Une des raisons est la progression constante des technologies de l’information.

Iwata :

Vous parlez des personnes qui passent leurs journées devant un ordinateur...

Miyachi :

Vous pouvez désormais faire vos courses sur Internet sans avoir à vous rendre dans un magasin. Un grand nombre de lignes d’autocars et de trains non rentables ont été abandonnées. Plus vous vous enfoncez dans les campagnes, plus le nombre d’automobiles par habitant augmente et plus notre société s’américanise sur ce plan. Cependant le facteur unique le plus important est la forte augmentation du nombre de personnes ne travaillant plus le samedi.

Iwata :

Le facteur unique le plus important est que moins de personnes travaillent le samedi ? C'est une explication assez surprenante.

Miyachi :

Du point de vue des salariés, c’est une bonne chose. Quand nous étions jeunes, nous travaillions généralement jusqu’à 13h le samedi. Nous appelions ça une demi-journée de congé. Cela n'existe plus de nos jours.

Iwata :

C’est également le cas dans les écoles maintenant.

Miyachi :

Tout à fait.
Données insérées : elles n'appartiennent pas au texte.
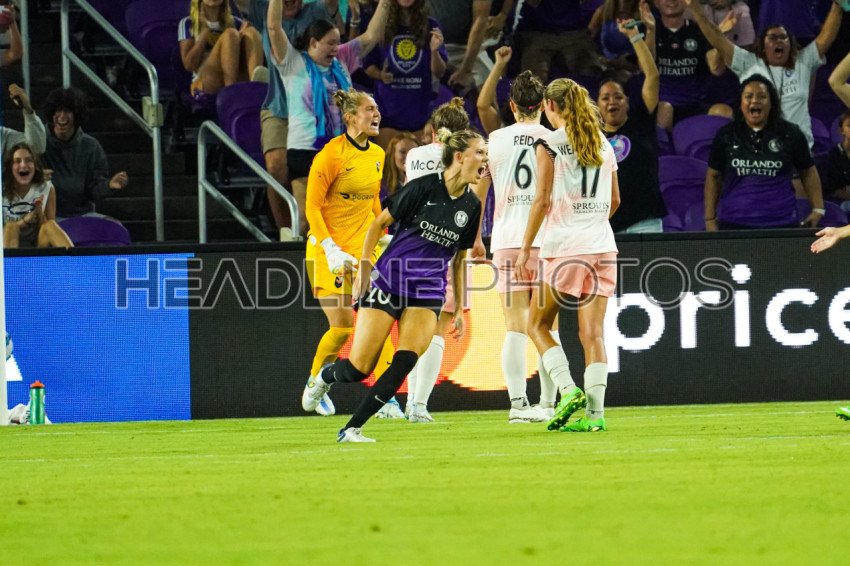Orlando, Florida, USA, August 7, 2022, Orlando Pride player Julie Doyle #20 reacts after scoring at Exploria Stadium. (Photo Credit: Marty Jean-Louis)
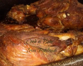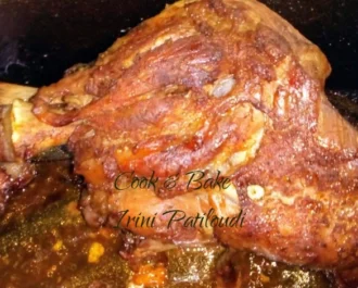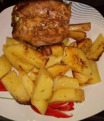 Κότσι χοιρινό με πατάτες στον φούρνο.
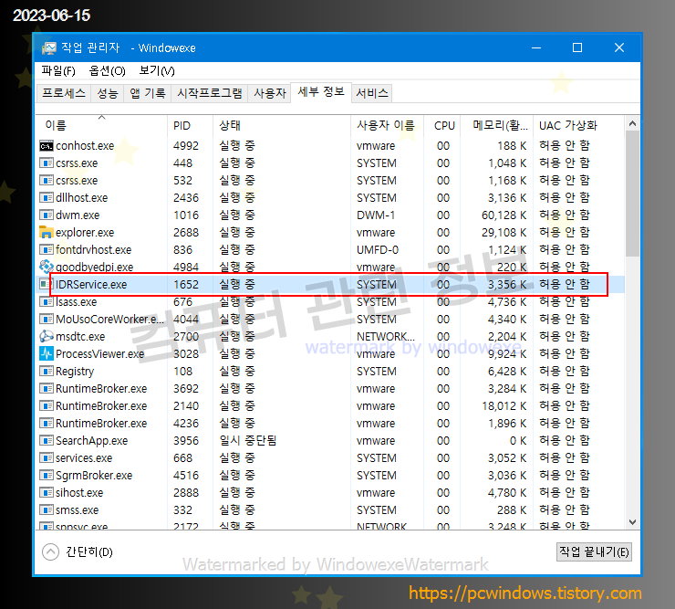 IDRService.exe 프로세스는 시스템 부팅시마다 자동으로 실행됩니다. 본문 하단 서비스 로그 참고.
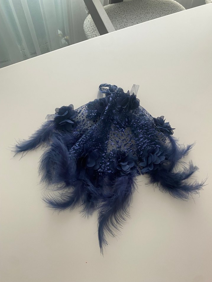 Koyu mavi renkte, nakışlı ve yumuşak kürk detaylı kadın broş, avant-garde tarz ve parti için uygun.

La combinaison de ces trois éléments a eu un effet toujours plus important au cours de la dernière décennie et le résultat est la situation que nous avons constatée.

Iwata :

Je vois. Si cette situation perdure, cela se traduira par une augmentation du risque de maladies liées au mode de vie...

Miyachi :

L’obésité en premier lieu.

Iwata :

Diriez-vous que, selon vous, l’état sanitaire de notre pays pose problème ?

Miyachi :

Je pense sincèrement que nous vivons une période de crise sur ce plan. C’est pour cette raison que mon objectif n’est pas uniquement de mettre en place ces recommandations, mais de faire tout ce qui est en mon pouvoir pour que les Japonais fassent plus d’exercice.

Iwata :

C’est le combat de votre vie ?

Miyachi :

Exactement. C’est tout du moins l’objectif principal que je me suis fixé jusqu’à ma retraite.